Coordinated by LGBTQI activist Peter Tatchell, a patron of Pride in London involved in the organisation of the first UK Pride Protest in 1972, the letter makes nine key demands:
- An enquiry into the allegations of racism and bullying
- The public release of Lisa Power’s 2020 report which reviewed the advisory requirements of Pride in London
- That LGBTQI human rights are front and centre in the promotion of Pride in London and in the annual parade
- That the limit on the numbers in the parade is lifted
- That the wristband requirement be scrapped
- That NDA contracts should only be applicable in very limited circumstances where there is a genuine safety or security concern
- The introduction of an independent complaints procedure that is transparent and accessible, without any threat of retaliation or retribution
- The creation of an independent LGBTQI community body to provide scrutiny, advice, oversight and accountability to Pride in London, including on issues such as sponsorship and whether organisations like the police and arms manufacturers should be allowed to march in the parade
- That all Pride in London organisers should be required to sign a publicly accessible register of interests, for the sake of transparency, accountability and confidence.
Pride in London has long faced allegations of racism and bullying. In March 2021, five directors, co-chairs Michael Salter-Church and Alison Camps included, were forced to resign. The organisation stated that it had “listened to and engaged with individuals, community groups and allied associations” that “shared their experiences, hurt and also support” for its work. Despite this, the remaining leadership team with a hand in the allegations refused to resign, and little change has been made.
Peter Tatchell states: “We are urging the Mayor to take action, given that Pride in London is no longer abiding by its contract and has lost the trust and confidence of much of the LGBTQI community. I hope the Mayor will meet us.
“Our nine demands are a bid to fix the problems with Pride in London. They are a complication of concerns expressed by a wide cross section of the LGBTQI community.
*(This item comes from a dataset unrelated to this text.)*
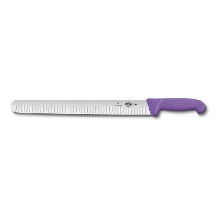 The Victorinox 5.4725.36 Slicer Knife is an expertly crafted culinary tool, featuring a 14-inch wide blade and a 1-1/2-inch width at the handle, ideal for precision slicing applications. This knife is designed with a granton edge, which aids in reducing friction and preventing food from sticking to the blade, enhancing efficiency in professional kitchen environments. The vibrant purple Fibrox® nylon handle is not only aesthetically unique but also engineered to be slip resistant, providing a secure grip even in wet or oily conditions. This makes it a reliable choice for chefs and culinary professionals who prioritize safety and comfort during extended use. The knife's NSF certification assures compliance with stringent public health and safety standards, making it suitable for commercial use in diverse food industry segments, from fine dining establishments to bustling catering services. With its robust construction and thoughtfully designed features, the Victorinox 5.4725.36 Slicer Knife embodies a blend of functionality and innovation, perfectly suited to meet the demands of professional chefs and kitchen enthusiasts alike.

“We do not claim to have all the answers. We see this letter as a catalyst for change. I hope it will generate a much-needed debate within our community about who runs Pride, how it is run and Pride’s future character and direction. We welcome others contributing ideas.
“The successful ‘Reclaim Pride’ march on 24 July shows there is a yearning for change, in particular for a truly inclusive community-based Pride and a Pride that is both a celebration and a protest for LGBTQI human rights.”
Since Pride in London is funded by the Mayor’s office, the open letter wields the potential to evoke real change in reconnecting it to its revolutionary roots. Pride is a protest, after all.